▶ _YOUR GOAL_
Retype exactly what appears below from the line containing "Quiz Navy Petite Mesh Buckle Midaxi Dress" down to the line containing "El moldavo fue", keeping both end lines. Do not include pictures.

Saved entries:
::::::

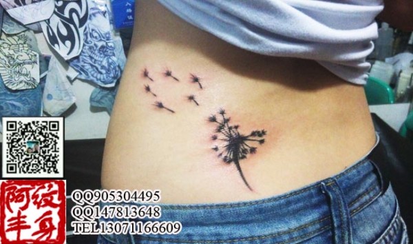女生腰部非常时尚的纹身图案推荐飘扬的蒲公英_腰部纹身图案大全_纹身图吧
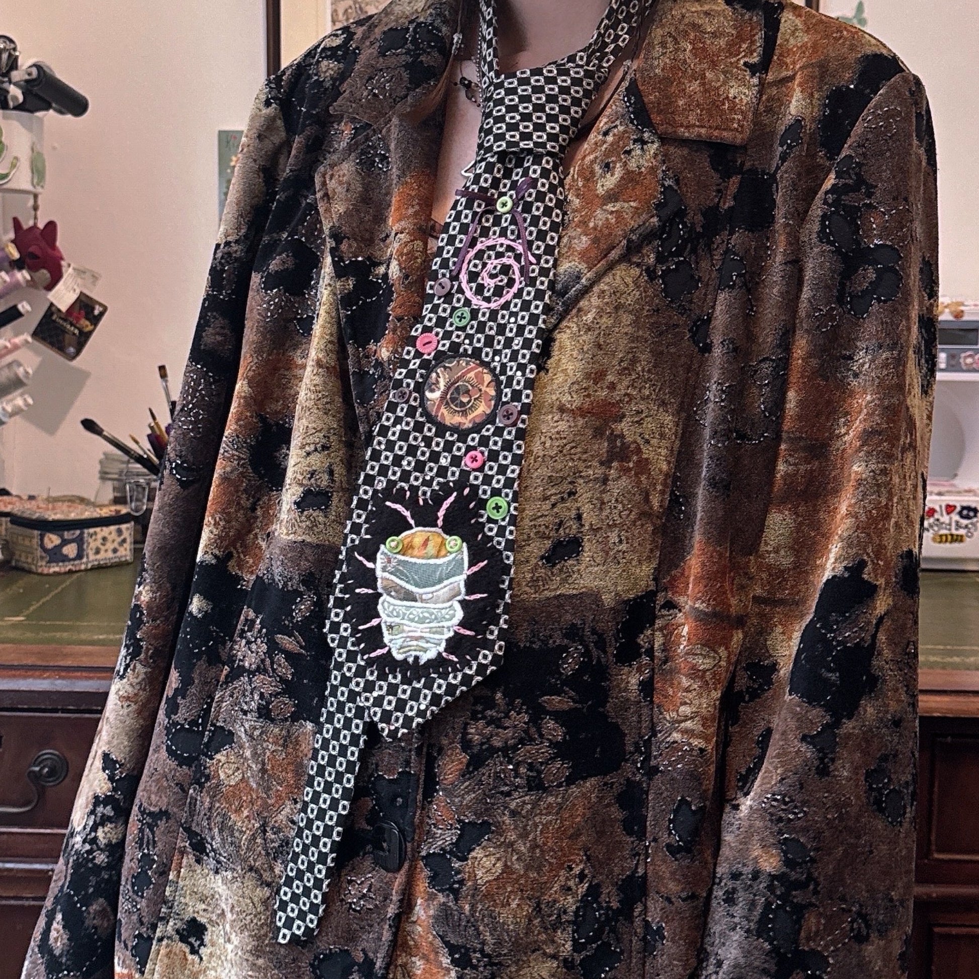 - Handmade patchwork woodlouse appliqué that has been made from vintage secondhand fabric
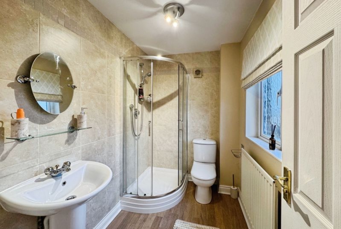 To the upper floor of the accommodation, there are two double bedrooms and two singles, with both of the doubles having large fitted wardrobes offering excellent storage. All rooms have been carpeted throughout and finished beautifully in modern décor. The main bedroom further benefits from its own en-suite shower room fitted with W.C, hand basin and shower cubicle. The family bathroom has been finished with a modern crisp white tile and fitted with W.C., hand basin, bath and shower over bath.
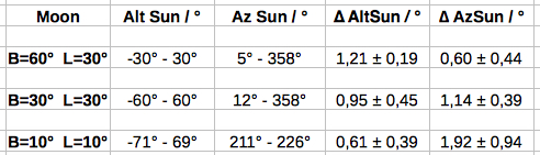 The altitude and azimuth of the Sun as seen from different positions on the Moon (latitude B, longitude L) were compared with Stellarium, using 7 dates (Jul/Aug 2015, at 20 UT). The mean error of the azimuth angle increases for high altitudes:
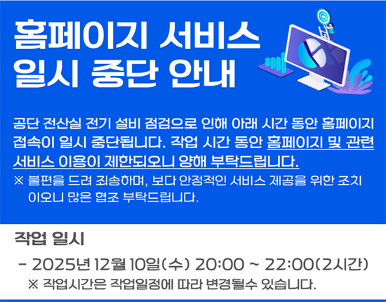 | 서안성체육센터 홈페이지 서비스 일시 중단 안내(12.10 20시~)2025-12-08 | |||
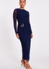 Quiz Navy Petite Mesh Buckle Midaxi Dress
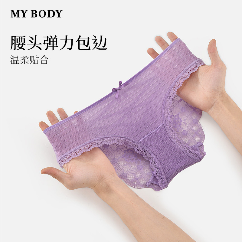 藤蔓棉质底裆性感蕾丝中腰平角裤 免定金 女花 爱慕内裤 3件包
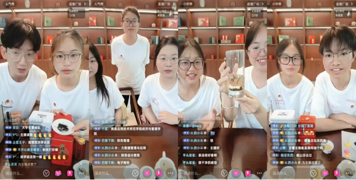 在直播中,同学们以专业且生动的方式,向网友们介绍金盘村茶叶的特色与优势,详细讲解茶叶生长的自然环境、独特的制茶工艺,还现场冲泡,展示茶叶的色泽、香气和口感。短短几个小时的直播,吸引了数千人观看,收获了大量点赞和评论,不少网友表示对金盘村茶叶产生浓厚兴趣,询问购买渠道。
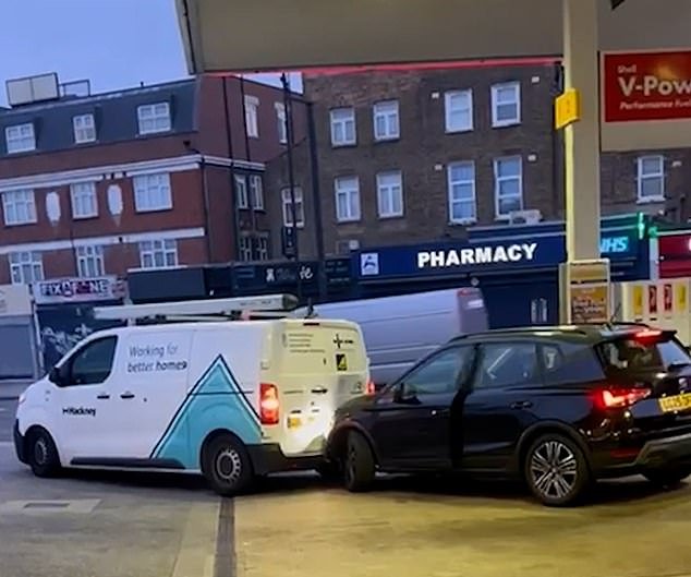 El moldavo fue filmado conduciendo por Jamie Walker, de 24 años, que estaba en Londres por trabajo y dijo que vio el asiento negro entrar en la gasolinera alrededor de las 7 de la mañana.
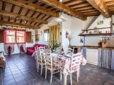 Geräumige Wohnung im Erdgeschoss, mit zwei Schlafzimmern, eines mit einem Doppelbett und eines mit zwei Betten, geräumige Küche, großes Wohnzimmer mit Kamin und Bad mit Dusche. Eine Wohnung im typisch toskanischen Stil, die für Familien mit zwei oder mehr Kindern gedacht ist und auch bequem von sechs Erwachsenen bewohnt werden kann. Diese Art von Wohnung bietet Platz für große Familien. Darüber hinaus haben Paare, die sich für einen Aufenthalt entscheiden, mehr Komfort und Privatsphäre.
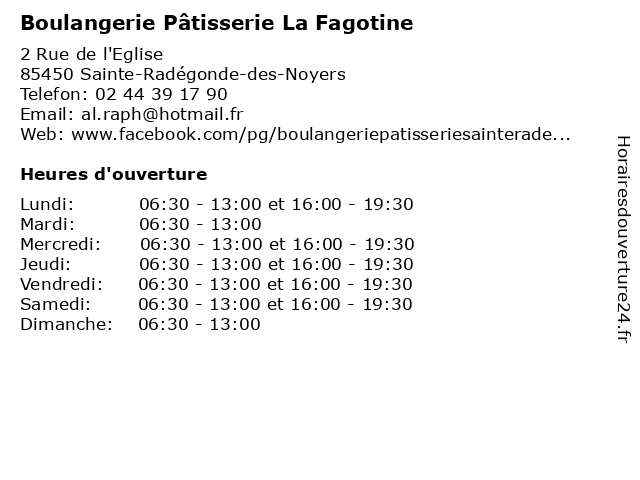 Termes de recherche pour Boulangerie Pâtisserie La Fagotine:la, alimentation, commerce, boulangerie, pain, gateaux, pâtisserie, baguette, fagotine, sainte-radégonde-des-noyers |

::::::

▶ _RESPONSE_
 Quiz Navy Petite Mesh Buckle Midaxi Dress
 藤蔓棉质底裆性感蕾丝中腰平角裤 免定金 女花 爱慕内裤 3件包
 在直播中,同学们以专业且生动的方式,向网友们介绍金盘村茶叶的特色与优势,详细讲解茶叶生长的自然环境、独特的制茶工艺,还现场冲泡,展示茶叶的色泽、香气和口感。短短几个小时的直播,吸引了数千人观看,收获了大量点赞和评论,不少网友表示对金盘村茶叶产生浓厚兴趣,询问购买渠道。
 El moldavo fue filmado conduciendo por Jamie Walker, de 24 años, que estaba en Londres por trabajo y dijo que vio el asiento negro entrar en la gasolinera alrededor de las 7 de la mañana.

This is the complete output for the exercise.